WORK REQUIRED.
Output, exactly as written, the lines below from the one that has "活动现场,实践团成员陈昱萱以" through the one that has "最后,进入到创意环节的搭建任"; nothing else, and no pictures.
(TASK DATA Opens)
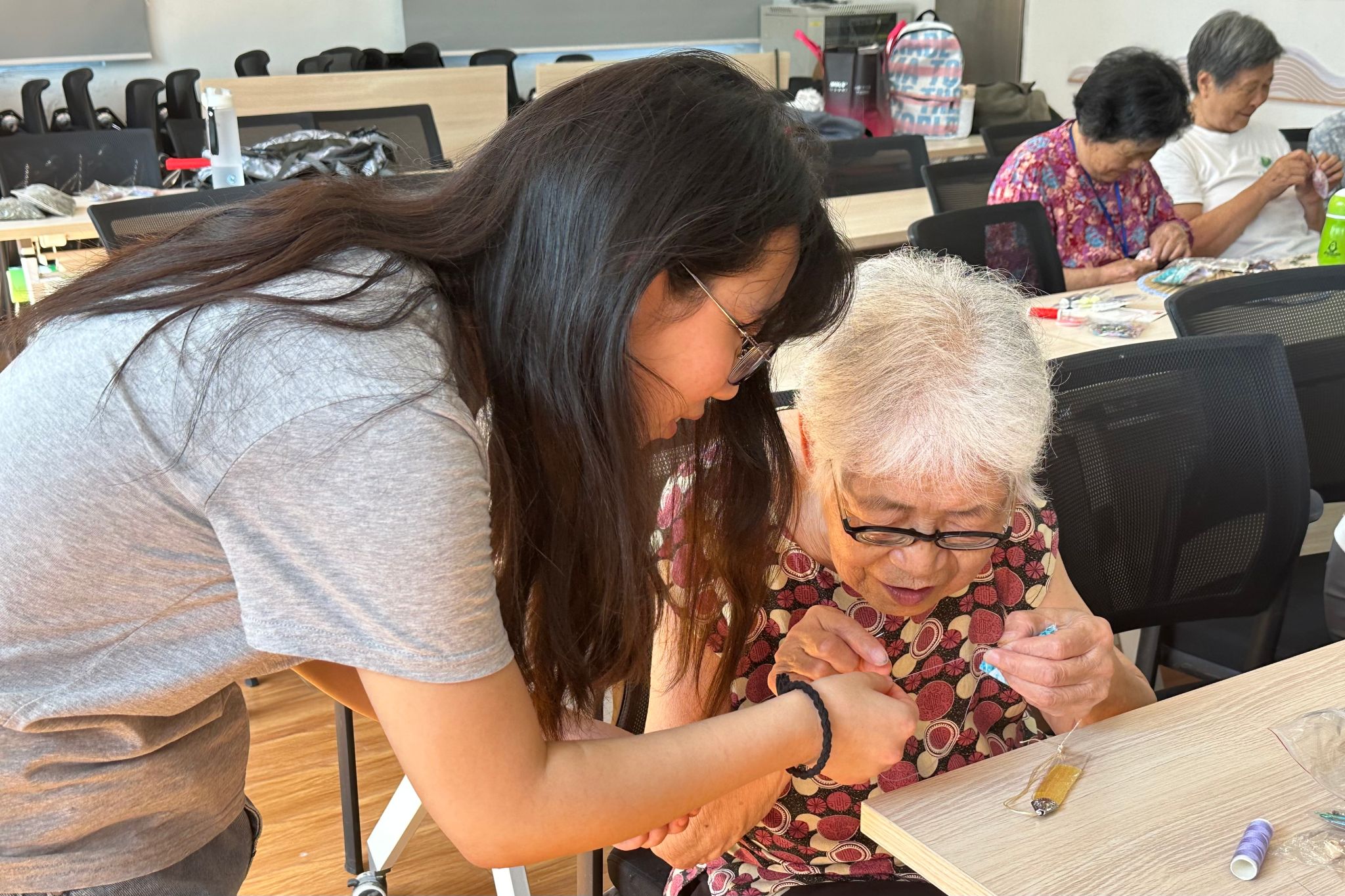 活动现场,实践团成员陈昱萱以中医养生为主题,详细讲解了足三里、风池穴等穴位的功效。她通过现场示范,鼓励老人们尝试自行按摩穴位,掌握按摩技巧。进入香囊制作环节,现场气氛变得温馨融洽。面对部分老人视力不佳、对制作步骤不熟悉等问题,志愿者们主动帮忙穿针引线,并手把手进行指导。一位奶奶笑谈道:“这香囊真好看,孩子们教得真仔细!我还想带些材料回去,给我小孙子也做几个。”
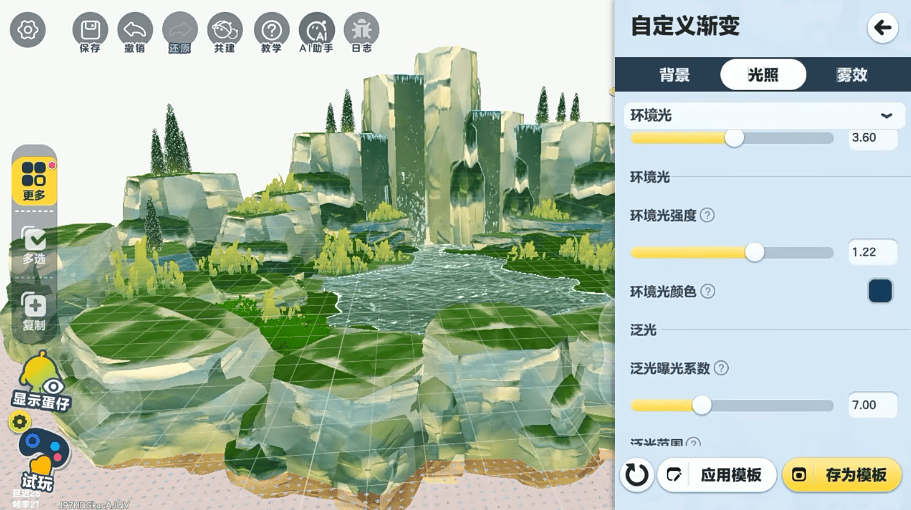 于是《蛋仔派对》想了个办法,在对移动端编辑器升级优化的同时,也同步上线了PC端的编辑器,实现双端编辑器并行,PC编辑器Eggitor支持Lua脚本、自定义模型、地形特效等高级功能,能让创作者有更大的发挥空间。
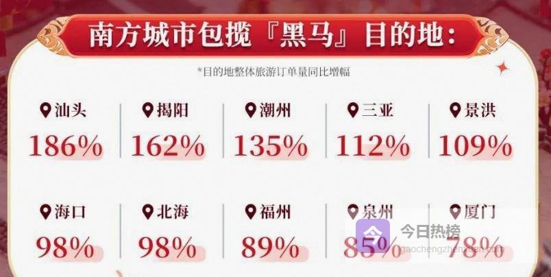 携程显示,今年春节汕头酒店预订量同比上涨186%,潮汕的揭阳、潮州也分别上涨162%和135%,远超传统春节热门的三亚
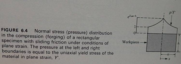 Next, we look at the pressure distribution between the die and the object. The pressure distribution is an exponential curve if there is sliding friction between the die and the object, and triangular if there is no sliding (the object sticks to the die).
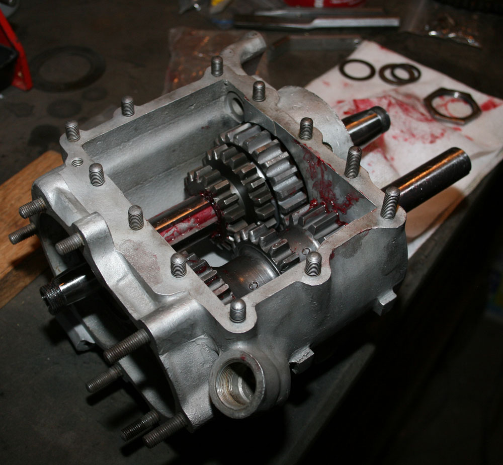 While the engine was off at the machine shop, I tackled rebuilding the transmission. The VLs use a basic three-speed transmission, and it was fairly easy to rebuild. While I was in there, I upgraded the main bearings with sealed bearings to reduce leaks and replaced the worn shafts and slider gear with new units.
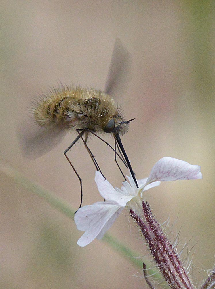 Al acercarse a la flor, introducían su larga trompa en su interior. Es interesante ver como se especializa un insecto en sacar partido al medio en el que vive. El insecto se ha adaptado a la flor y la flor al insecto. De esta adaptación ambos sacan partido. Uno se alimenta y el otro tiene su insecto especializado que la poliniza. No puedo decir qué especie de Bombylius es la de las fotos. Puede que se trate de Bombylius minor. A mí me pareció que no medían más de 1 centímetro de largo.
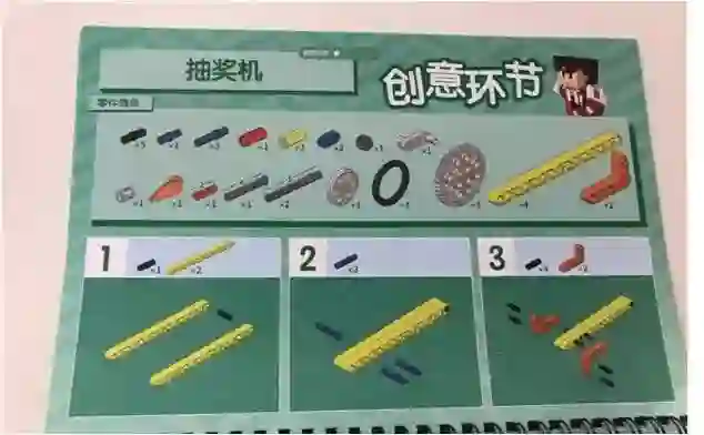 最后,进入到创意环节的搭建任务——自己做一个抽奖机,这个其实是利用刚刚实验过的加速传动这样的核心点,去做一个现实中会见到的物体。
(TASK DATA Closes)
(TASK DATA Opens)
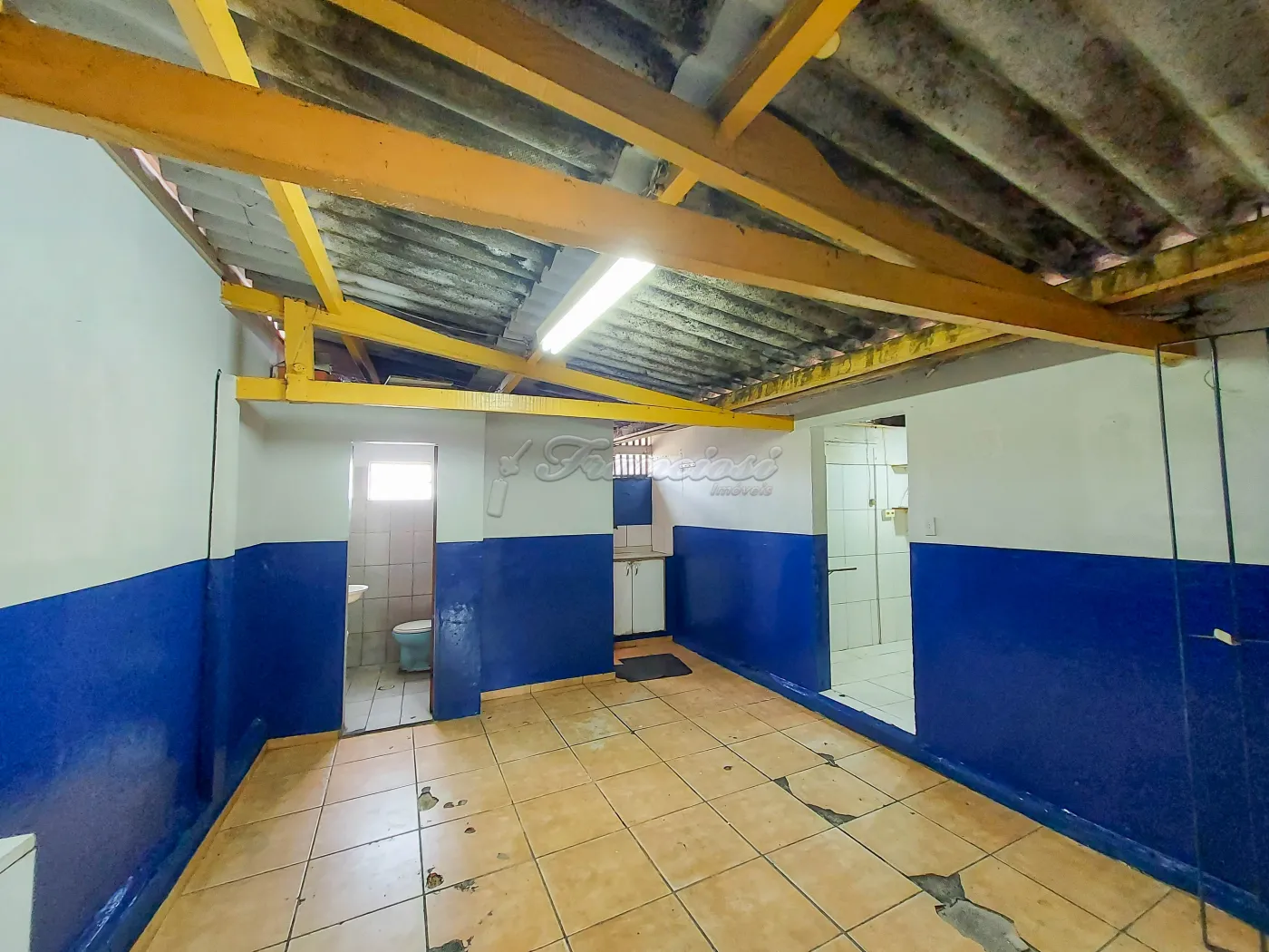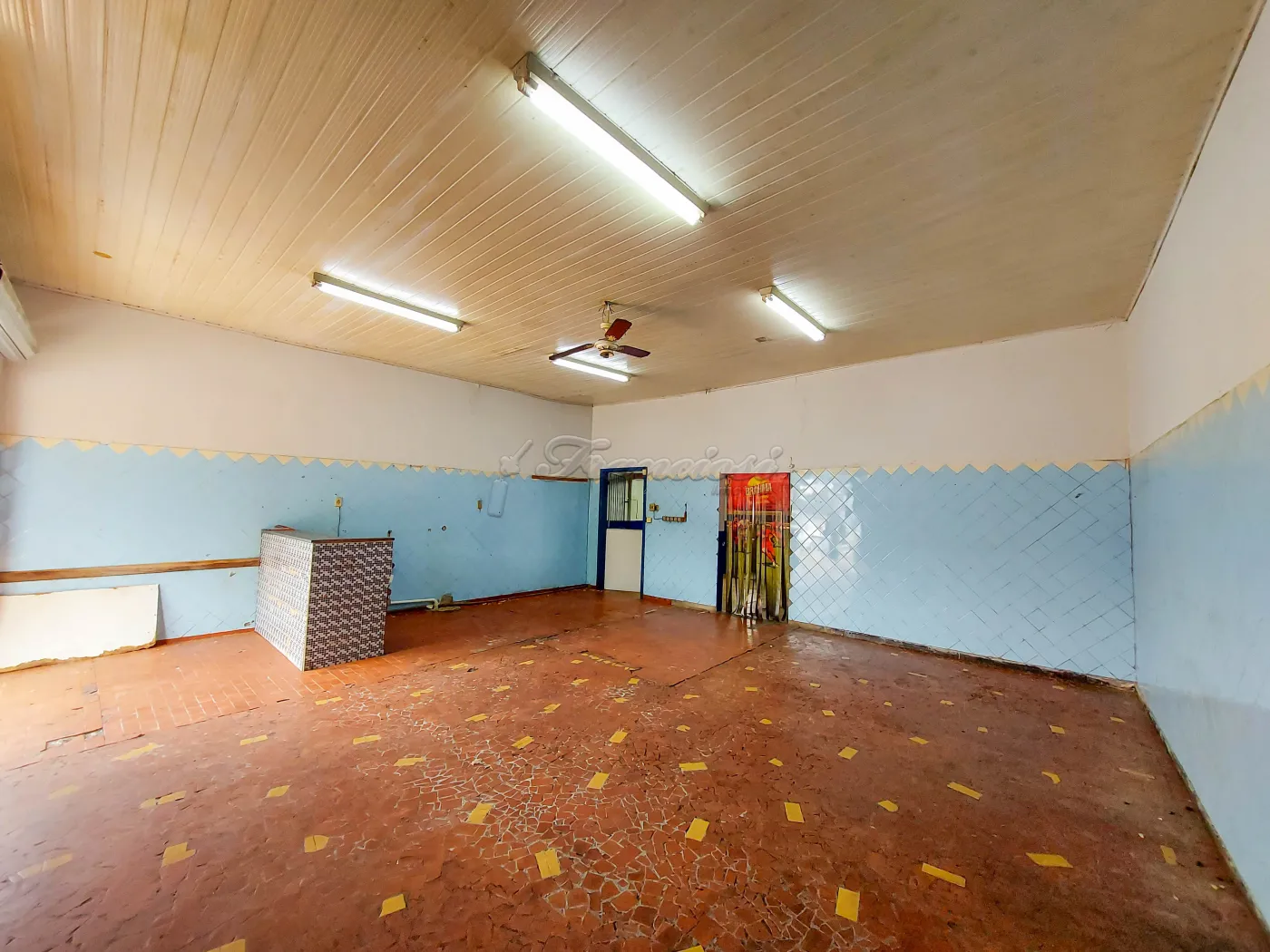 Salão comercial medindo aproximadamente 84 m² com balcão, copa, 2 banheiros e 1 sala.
(TASK DATA Closes)
RESULT OF THE EXERCISE.
 活动现场,实践团成员陈昱萱以中医养生为主题,详细讲解了足三里、风池穴等穴位的功效。她通过现场示范,鼓励老人们尝试自行按摩穴位,掌握按摩技巧。进入香囊制作环节,现场气氛变得温馨融洽。面对部分老人视力不佳、对制作步骤不熟悉等问题,志愿者们主动帮忙穿针引线,并手把手进行指导。一位奶奶笑谈道:“这香囊真好看,孩子们教得真仔细!我还想带些材料回去,给我小孙子也做几个。”
 于是《蛋仔派对》想了个办法,在对移动端编辑器升级优化的同时,也同步上线了PC端的编辑器,实现双端编辑器并行,PC编辑器Eggitor支持Lua脚本、自定义模型、地形特效等高级功能,能让创作者有更大的发挥空间。
 携程显示,今年春节汕头酒店预订量同比上涨186%,潮汕的揭阳、潮州也分别上涨162%和135%,远超传统春节热门的三亚
 Next, we look at the pressure distribution between the die and the object. The pressure distribution is an exponential curve if there is sliding friction between the die and the object, and triangular if there is no sliding (the object sticks to the die).
 While the engine was off at the machine shop, I tackled rebuilding the transmission. The VLs use a basic three-speed transmission, and it was fairly easy to rebuild. While I was in there, I upgraded the main bearings with sealed bearings to reduce leaks and replaced the worn shafts and slider gear with new units.
 Al acercarse a la flor, introducían su larga trompa en su interior. Es interesante ver como se especializa un insecto en sacar partido al medio en el que vive. El insecto se ha adaptado a la flor y la flor al insecto. De esta adaptación ambos sacan partido. Uno se alimenta y el otro tiene su insecto especializado que la poliniza. No puedo decir qué especie de Bombylius es la de las fotos. Puede que se trate de Bombylius minor. A mí me pareció que no medían más de 1 centímetro de largo.
 最后,进入到创意环节的搭建任务——自己做一个抽奖机,这个其实是利用刚刚实验过的加速传动这样的核心点,去做一个现实中会见到的物体。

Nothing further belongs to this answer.